Bill Weigand did not wait long. They brought Gallahady-Spencer in to him and, invited, Gallahady-Spencer sat down. Mullins, at a nod from Weigand, got a notebook ready.

“By the way,” Weigand said, “why Gallahady?”

The man who sat, easily and with apparent confidence, was in his middle forties. He needed a shave and a haircut; he needed a new suit and new shoes; he needed, Weigand thought suddenly, a new life. There was a laxness about his face, a kind of hopeless softness, and he smelled a little as if he had been drinking a good deal for a long time.

But nothing in his manner apologized for any of this; nothing in his manner admitted any of this. If he had fought it once, he was no longer fighting it.

“A jest,” he said, answering Bill Weigand's question. “Possibly pedantic. I borrowed it from—”

Bill's nod stopped him. Bill said he knew where the name had been borrowed from. He perceived the jest. Spencer raised his eyebrows as he listened; he seemed surprised.

“Aside from Caxton's little error,” Weigand said, “why any false name? Why not your own name, Mr. Spencer?”

Spencer said it was a whim. He said he didn't know why. He pointed out that he had, in any event, given his correct address.

“Probably,” Bill told him, “because it is difficult to think of a convincing address in a city you don't know very well—when you are talking to men who know it very well.” And Spencer could skip the whim part of it.

“Do you know, Lieutenant, I think you may be quite right about the address business,” Spencer said. He spoke with a kind of detached interest. “I wondered why I didn't give a fictitious address. I think you have explained it.”

Bill held him to it. It wasn't a whim, he pointed out again. He pointed out, also, that they were investigating a case of murder.

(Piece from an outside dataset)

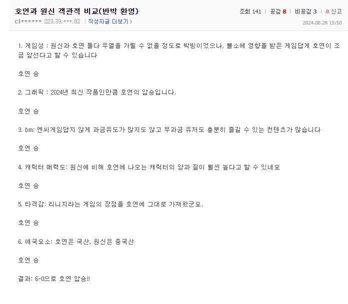 호연과 원신 객관적 비교
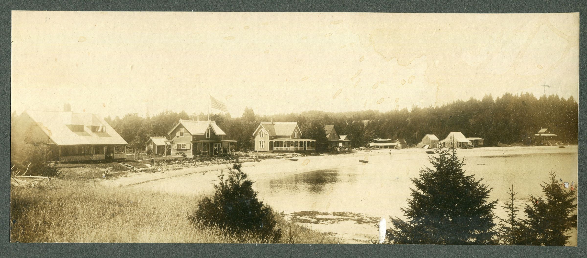Photo, 4" x 9.5" showing cottages off Billy's Shore Road, south end. Mounted on black cardboard 6.25" x 12". Houses identified as r-l: Webster, gone, gone, Creelman, gone, McAllen, gone & replaced by Sue Hatch camp, Deckleman/Grimes, Teresa Thurston.

“Why,” Bill said, “did you go to the trouble to hide your identity, Mr. Spencer? Has your identity something to do with the case?”

Spencer hesitated, clearly making up his mind what to say. Then he said that Weigand might think his identity had something to do with the case.

“I knew Amelia,” he said. “Naturally, I say I had nothing to do with her taking off. But you would expect me to say that.”

“Right,” Bill Weigand said. He waited.

“It was a very unfortunate coincidence, for me,” Spencer said. “Very unfortunate. I might have been almost any other place. I might have been in the South Reading Room instead of the North Reading Room. It would have made no difference to Amelia, believe me. But oh, the difference to me.”

Weigand waited.

“I wish you would believe it was entirely a coincidence,” Spencer said. He spoke almost wistfully.

Still Weigand said nothing. Spencer looked at the detective lieutenant's face and then he shrugged. They might as well have it, he told them, and waited until Mullins was ready.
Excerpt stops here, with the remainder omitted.